Task 2: Now implement the four constrains rules discussed above. If they are correctly implemented you should get a solved sudoku (keep number of hints and seed).
Now you have a working sudoku solver. Let’s test it:
Task 3: Vary the number of clues. If the solver fails can you find an explanation for that behavior? Can you think of possible strategies to reduce such errors? (It might help to inspect the code and numpy documentation)
Task 4: What do you expect to happen, if you set the number of clues to zero? Check your hypothesis. Can you explain your observation?

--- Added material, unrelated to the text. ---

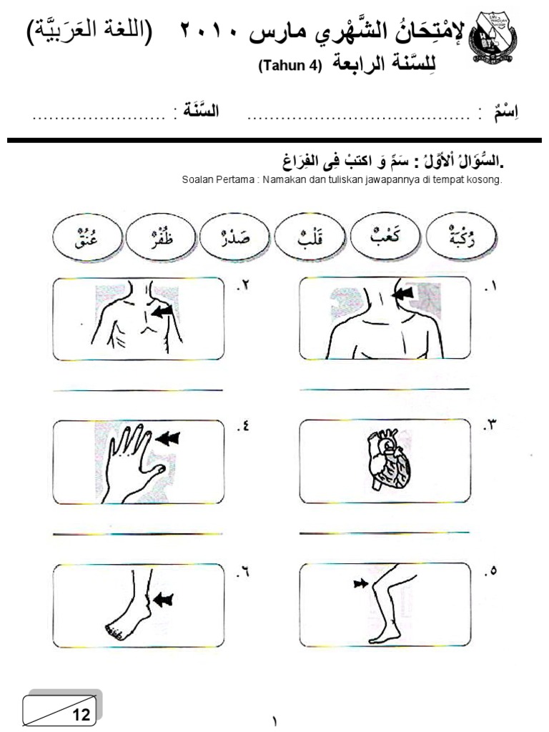Bahasa Arab Tahun 4 Ujian Mac 2010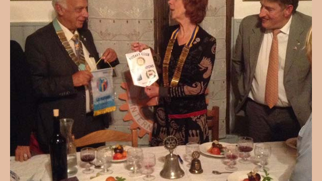 Le gouverneur a remis le fanion de l’année 2017.2018 du RI à Carol et Carol celui du notre club.

Task 5: Now, investigate how the success rate is related to the number of clues. For this, vary the number of clues from four to ten. Repeat each configuration ten times, while keeping the sudoku fixed. Visualize your result.
Task 6: Is there a constraint that is not necessarily required? Why?
Task 7: Crunching some numbers: How many neurons and how many synaptic connections were required in this task? How many would be required for a 9x9 sudoku?